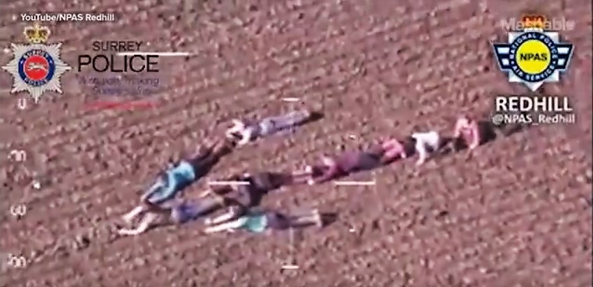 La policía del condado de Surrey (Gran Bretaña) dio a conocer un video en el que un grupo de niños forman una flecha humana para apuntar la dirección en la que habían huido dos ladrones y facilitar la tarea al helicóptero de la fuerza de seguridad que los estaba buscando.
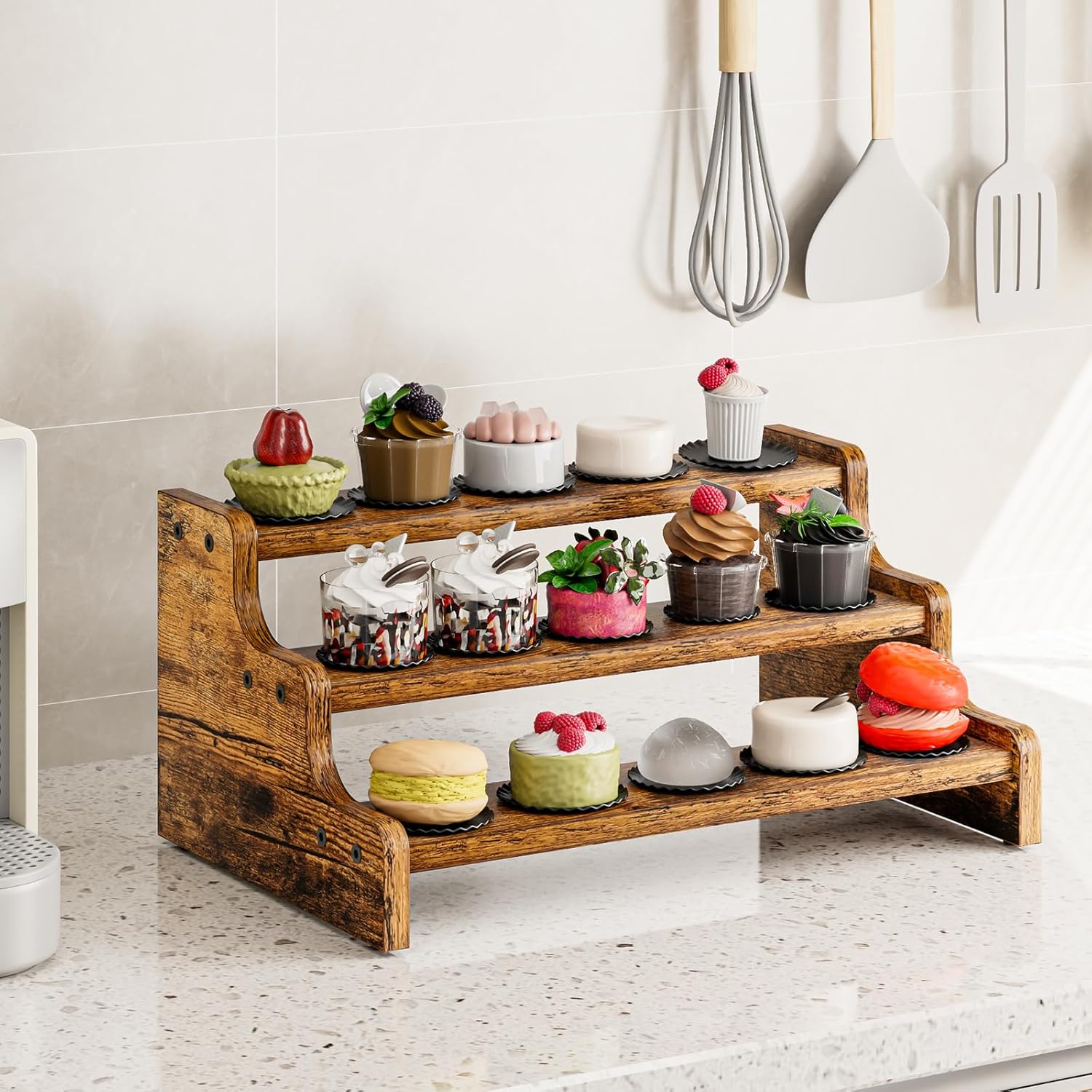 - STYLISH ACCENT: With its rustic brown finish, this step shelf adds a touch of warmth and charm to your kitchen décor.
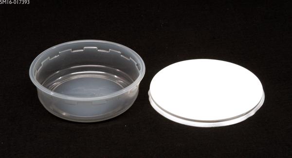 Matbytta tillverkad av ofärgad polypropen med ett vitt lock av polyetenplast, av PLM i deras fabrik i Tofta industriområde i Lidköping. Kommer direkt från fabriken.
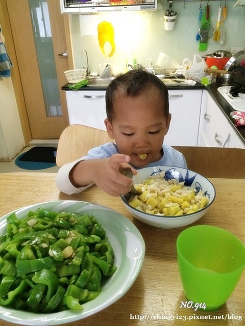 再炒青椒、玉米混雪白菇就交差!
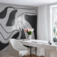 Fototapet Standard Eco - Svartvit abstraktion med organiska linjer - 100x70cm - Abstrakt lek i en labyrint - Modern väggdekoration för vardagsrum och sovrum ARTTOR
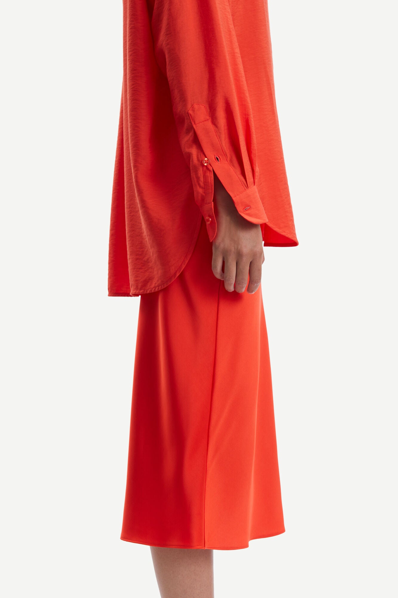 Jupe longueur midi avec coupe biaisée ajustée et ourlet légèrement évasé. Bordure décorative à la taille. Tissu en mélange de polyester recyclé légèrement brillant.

*WHAT IS BEING ASKED*
Apart from the images, every line above is to be given again exactly.

*WRITTEN ANSWER*
 La policía del condado de Surrey (Gran Bretaña) dio a conocer un video en el que un grupo de niños forman una flecha humana para apuntar la dirección en la que habían huido dos ladrones y facilitar la tarea al helicóptero de la fuerza de seguridad que los estaba buscando.
 - STYLISH ACCENT: With its rustic brown finish, this step shelf adds a touch of warmth and charm to your kitchen décor.
 Matbytta tillverkad av ofärgad polypropen med ett vitt lock av polyetenplast, av PLM i deras fabrik i Tofta industriområde i Lidköping. Kommer direkt från fabriken.
 再炒青椒、玉米混雪白菇就交差!
 Fototapet Standard Eco - Svartvit abstraktion med organiska linjer - 100x70cm - Abstrakt lek i en labyrint - Modern väggdekoration för vardagsrum och sovrum ARTTOR
 Jupe longueur midi avec coupe biaisée ajustée et ourlet légèrement évasé. Bordure décorative à la taille. Tissu en mélange de polyester recyclé légèrement brillant.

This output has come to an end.